• Work to complete
Return exactly, please, the line that contains "但我们在这里挖掘到了性价比高" and every line after it through the end of the material that follows, leaving pictures aside.

• Records shown
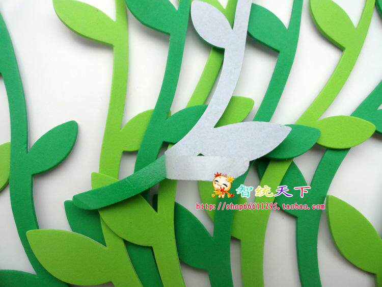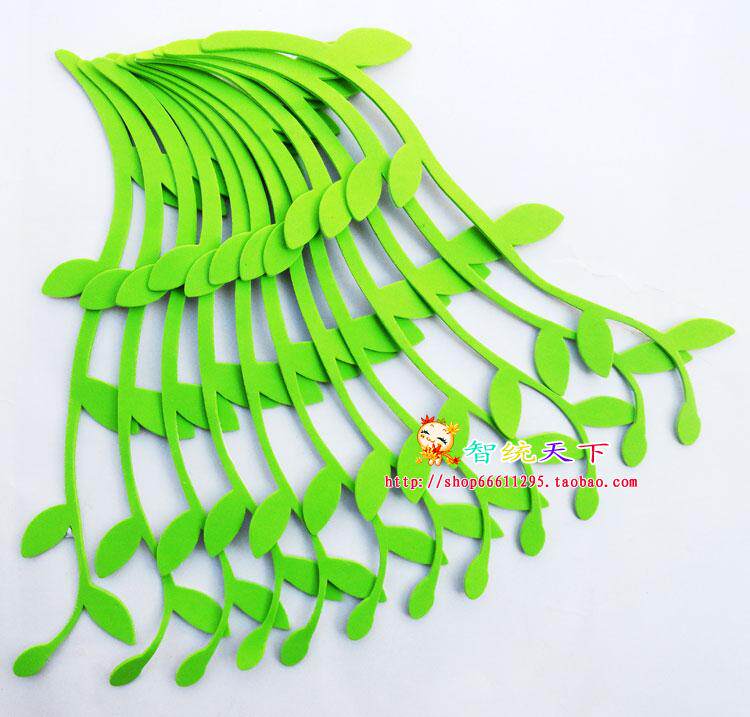 Kindergarten Classroom Black Board Newspaper Themed Wall Placement Supplies Foam Green Leafy Willow swatter Decorative Wall Sticker
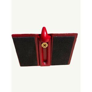 --Red base shows slight wear and paint chipping.
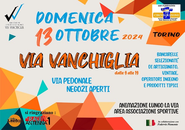 Domenica 13 ottobre 2024, dalle 09,00 alle 19,00, si terrą la Festa di via Vanchiglia: via pedonale, negozi aperti, bancarelle, animazione.Con il patrocinio della Circoscrizione 7.
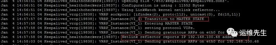 192.168.100.67上启动keepalived,查看192.168.100.68是否漂移到192.168.100.67上
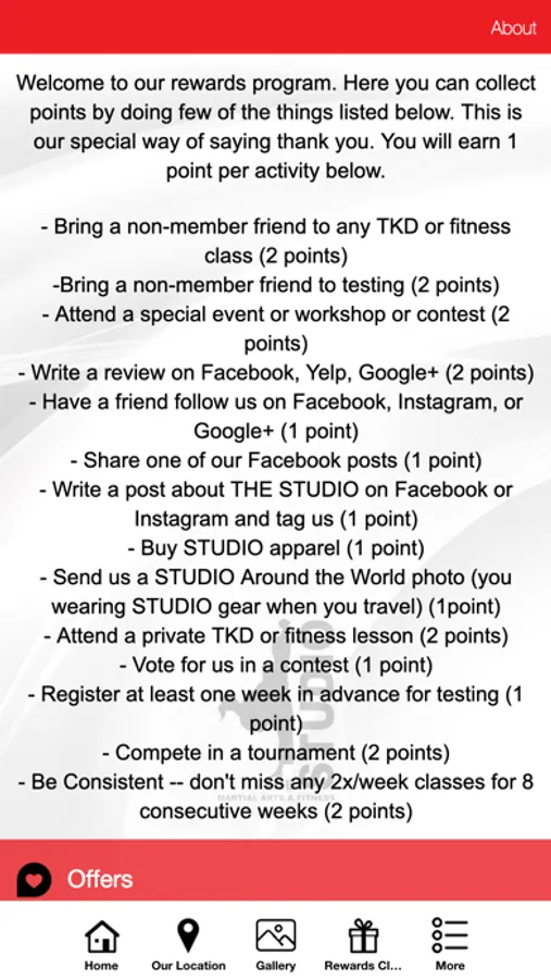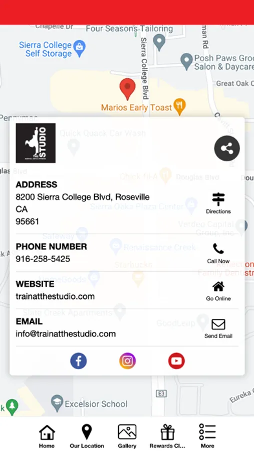 Welcome to the official app for THE STUDIO Martial Arts & Fitness, located in Roseville and serving Granite Bay, Rocklin, Loomis, Orangevale, Folsom, and Sacramento. Our motto is "strong bodies and clear minds," and our goal is to help change lives for the better, both physically and mentally, through martial arts and fitness. We offer a positive, safe, healthy, and non-intimidating environment filled with camaraderie, with classes available for women, men, and children of all ages and fitness abilities. THE STUDIO is operated by 7th Degree Taekwondo Master Amitis Pourarian, a Kukkiwon-certified instructor with more than 20 years of teaching experience. All of our instructors thrive on watching students challenge themselves, empower themselves, and do things they never thought possible!
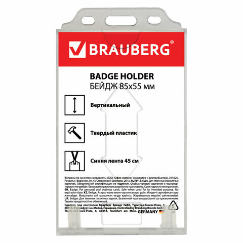 Бейдж BRAUBERG (БРАУБЕРГ) 84х55 мм вертикальный твердый пластик на синей ленте 45 см 232139
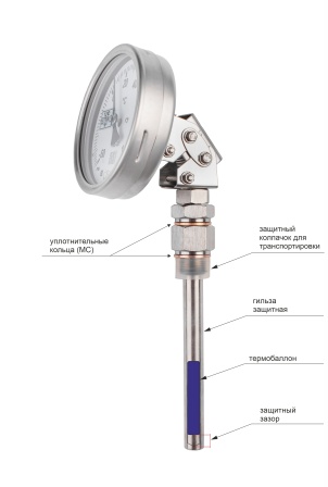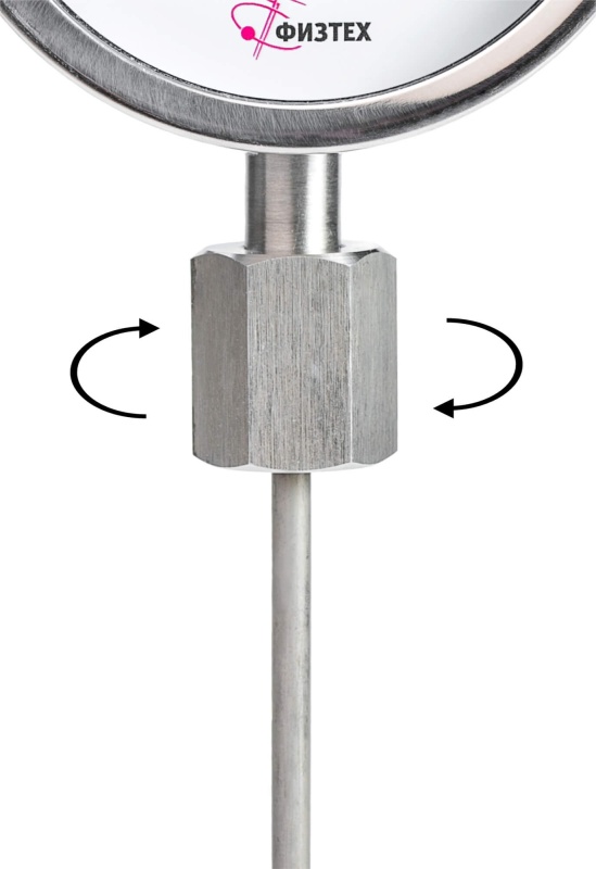 ВАЖНО! Корпус и шток (термобаллон) коррозионностойких термометров изготавливаются из нержавеющей стали, тип присоединения на штоке - свободная внутренняя резьба ("накидная гайка"). При необходимости термометр комплектуется гильзой из нержавеющей стали с внешней резьбой присоединения к прибору.
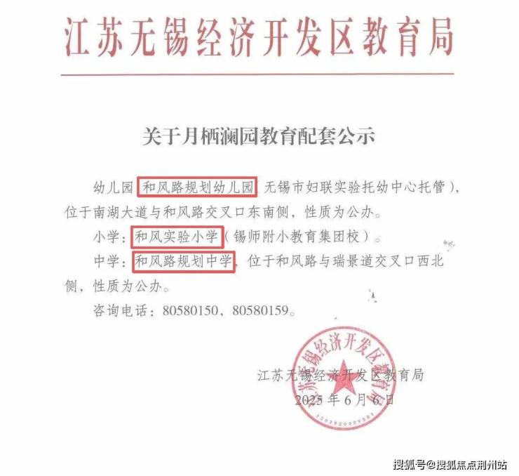 另外,项目教育配套已经公示,分别为:和风路规划幼儿园(无锡市妇联实验托幼中心托管)、和风路小学(锡师附小教育集团)、和风路规划中学,周边还有像狄邦文理学校,全龄段优质名校资源环绕;
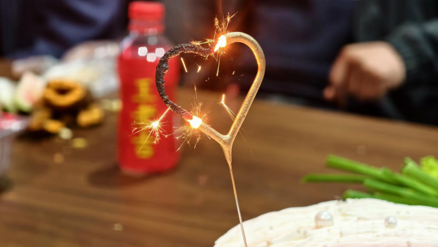 圖為在正在燃燒的愛心蠟燭點(diǎn)亮七夕活動(dòng)
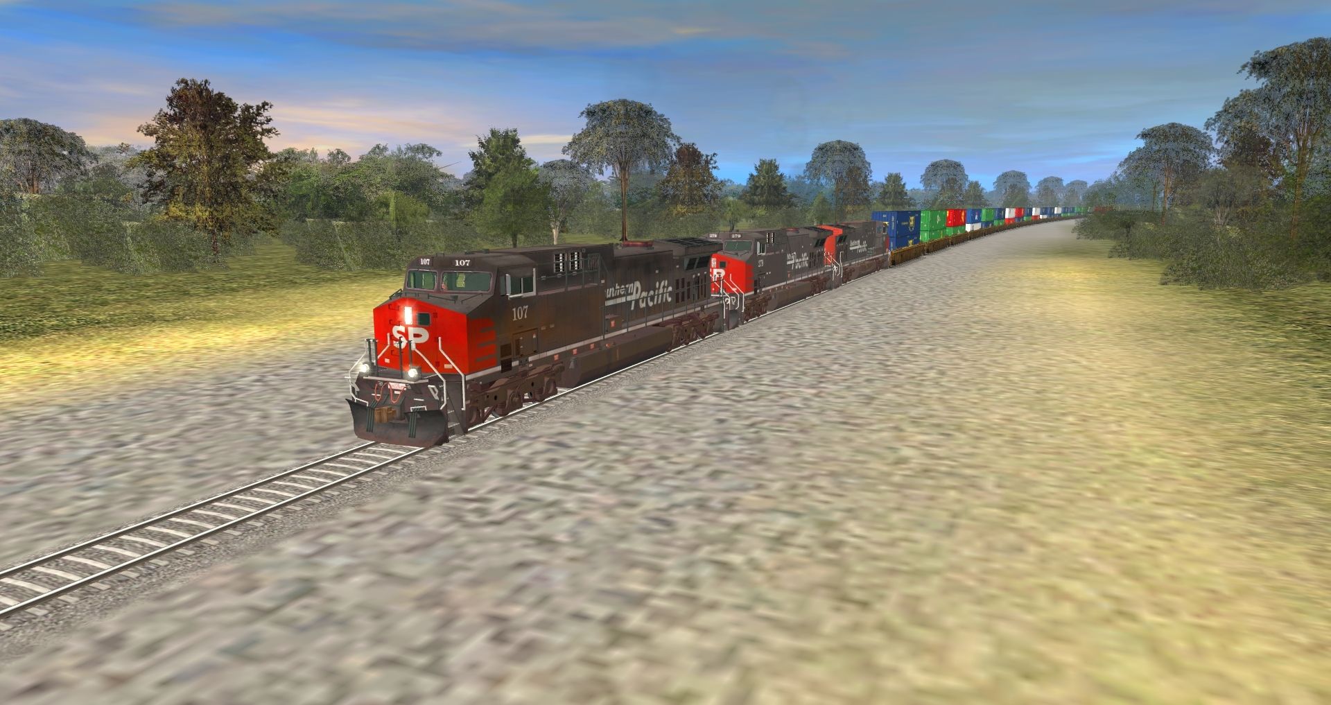 Posted by: Dashboy22 | Posted:2022-07-01 23:03:40 Caption: Tags: Trainz: A New Era, BNSFRedRock, SP AC4400CW #107, SP AC4400CW #279, SP AC4400CW #309, TTX NSC 53 Double stack Well
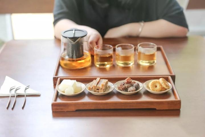 但我们在这里挖掘到了性价比高、颜值高、口味也不赖的下午茶,避开人海另辟蹊径的那种。一泡铁观音、一套茶歇,仅56元便能享受美好午后。一口酥、桔红糕、山楂条、梅子,佐茶食用,酸甜、酥脆、软糯。
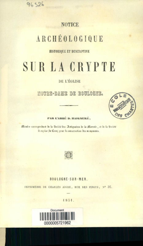 Notice archéologique, historique et descriptive sur la crypte de l'église Notre-Dame de Boulogne
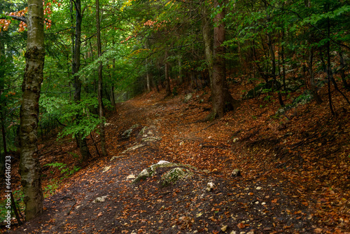 Fototapeta premium Fabulous and mysterious path in the decidous beech foggy forest. Location...
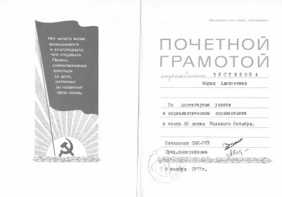Моей маме присвоили звание члена «Коллектива коммунистического труда». Она получала благодарности и почетные грамоты за свой непомерно тяжелый труд.

• Exercise result
 但我们在这里挖掘到了性价比高、颜值高、口味也不赖的下午茶,避开人海另辟蹊径的那种。一泡铁观音、一套茶歇,仅56元便能享受美好午后。一口酥、桔红糕、山楂条、梅子,佐茶食用,酸甜、酥脆、软糯。
 Notice archéologique, historique et descriptive sur la crypte de l'église Notre-Dame de Boulogne
 Fototapeta premium Fabulous and mysterious path in the decidous beech foggy forest. Location...
Моей маме присвоили звание члена «Коллектива коммунистического труда». Она получала благодарности и почетные грамоты за свой непомерно тяжелый труд.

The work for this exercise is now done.